:: Data to examine
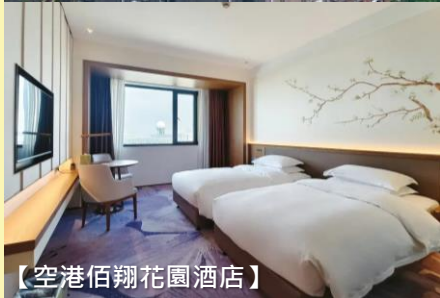
【空港佰翔花園酒店】
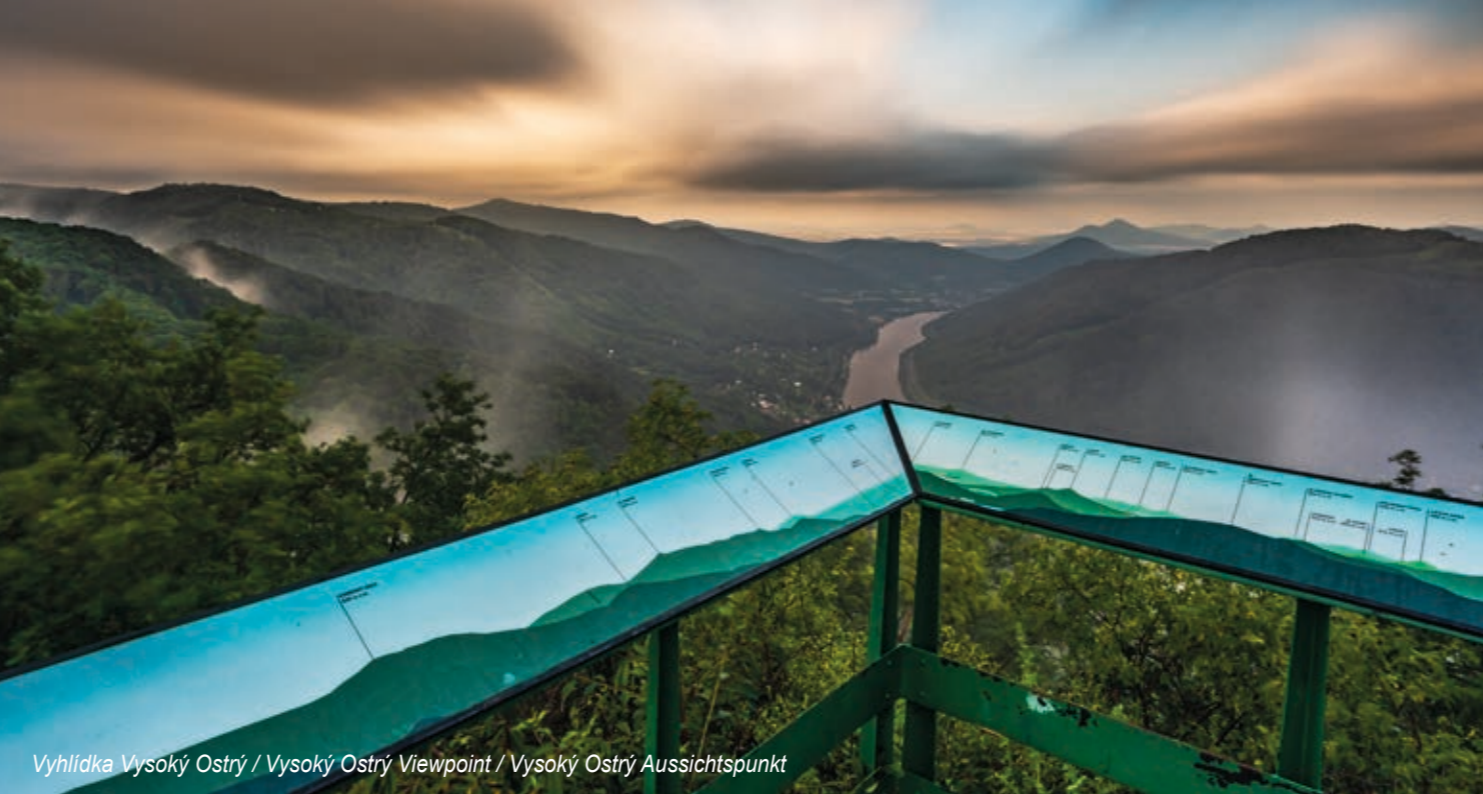
Vyhlička Vysoký Ostrý / Vysoký Ostrý Viewpoint / Vysoký Ostrý Aussichtspunkt
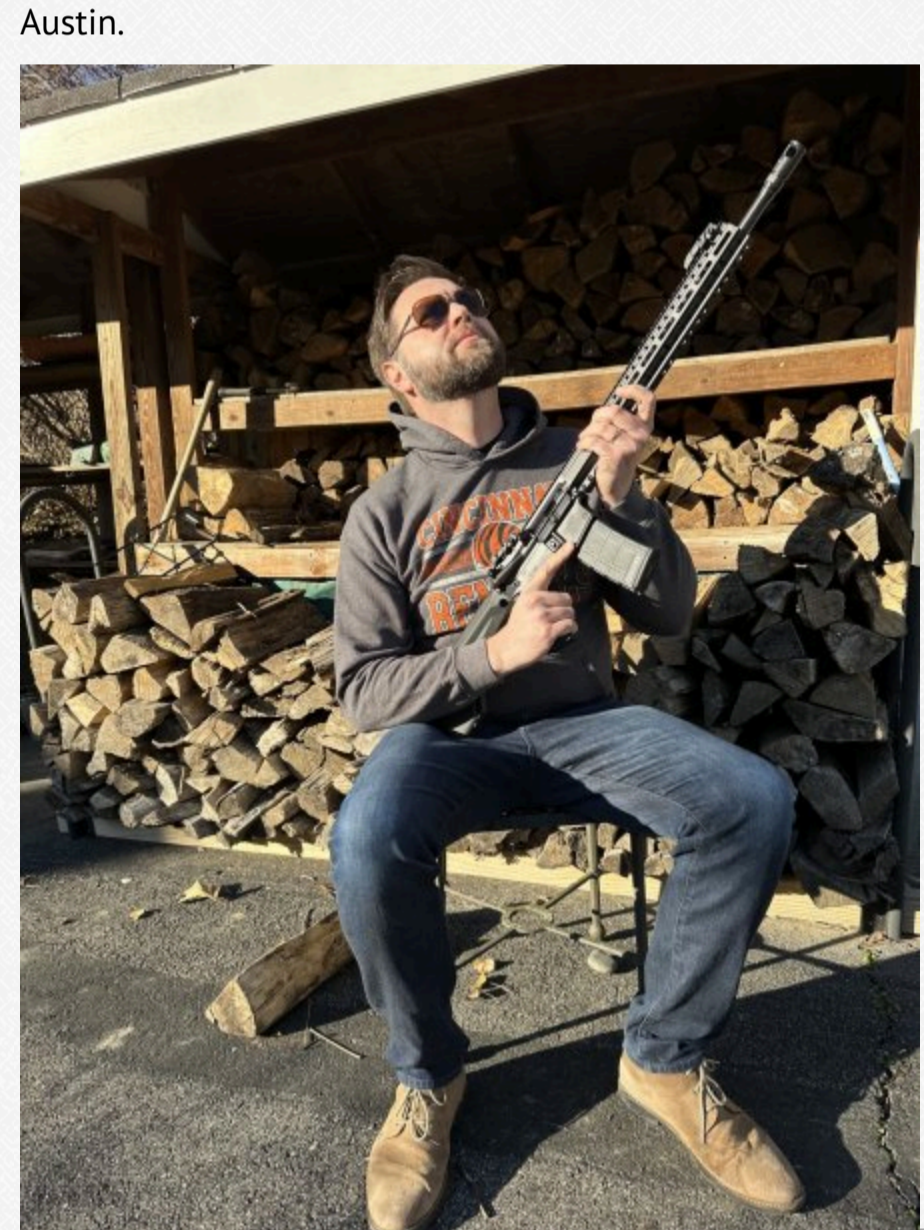
Джей Ді Венс зі зброєю

Після школи Венс служив у морській піхоті. Під час війни в Іраку він займався зв'язками з громадськістю. У 2007 році закінчив службу і вступив до університету штату Огайо. Там вивчився на політолога, а потім вступив до Єльської школи права. Потім працював у Кремнієвій долині в одній із найбільших юрфірм США – Sidley Austin.
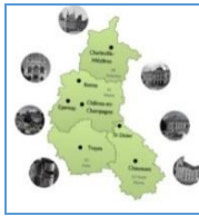
Bassin Universitaire de Reims Champagne - Ardenne
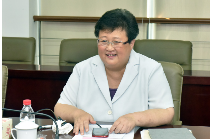
市人大代表、区委书记汪泓发言
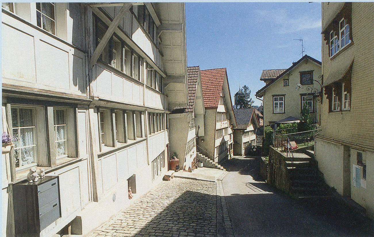
Hinunter durchs Oberdorf zum Landsgemeindeplatz.

Vereine und Veranstaltungen, Schule und Pestalozzidorf, Architektur und Natur verleihen Trogen – dem Kulturdorf im Appenzellerland – sein eigenes, spezielles Gesicht.
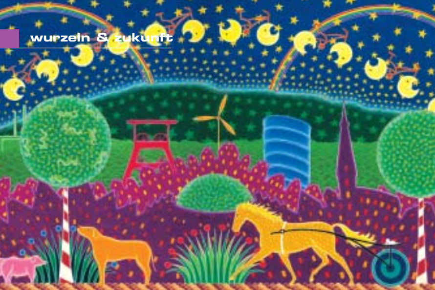
Der Zauberberg von Wolfgang Nocke.

Rechtzeitig zur Extraschicht kam die Enthüllung: Der weit über die Region hinaus bekannte Künstler aus Haltern am See, Wolfgang Nocke, hat seinen Zauberberg-Traum in einem wunderschönen Bild festgehalten. Ein langer, intensiver Traum. Denn die Umsetzung dieser Träumereien in Farbe auf die Leinwand, die unzählbaren Details, wie zum Beispiel die Sterne, die Monde, die bei näherem Hinsehen als Mountainbike-Räder zu erkennen sind, die nächtliche Silhouette von Herten, die Antoniuskirche und das Schloss, haben Monate künstlerischen Schaffens in Anspruch genommen.
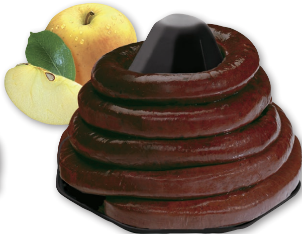
BOUDIN NOIR POMMES
::::
#### What to produce:
All that is needed here is the run of lines from the one containing "Rechtzeitig zur Extraschicht" through the end of the material above, reproduced exactly and without pictures.

#### Response to this task:
Rechtzeitig zur Extraschicht kam die Enthüllung: Der weit über die Region hinaus bekannte Künstler aus Haltern am See, Wolfgang Nocke, hat seinen Zauberberg-Traum in einem wunderschönen Bild festgehalten. Ein langer, intensiver Traum. Denn die Umsetzung dieser Träumereien in Farbe auf die Leinwand, die unzählbaren Details, wie zum Beispiel die Sterne, die Monde, die bei näherem Hinsehen als Mountainbike-Räder zu erkennen sind, die nächtliche Silhouette von Herten, die Antoniuskirche und das Schloss, haben Monate künstlerischen Schaffens in Anspruch genommen.
BOUDIN NOIR POMMES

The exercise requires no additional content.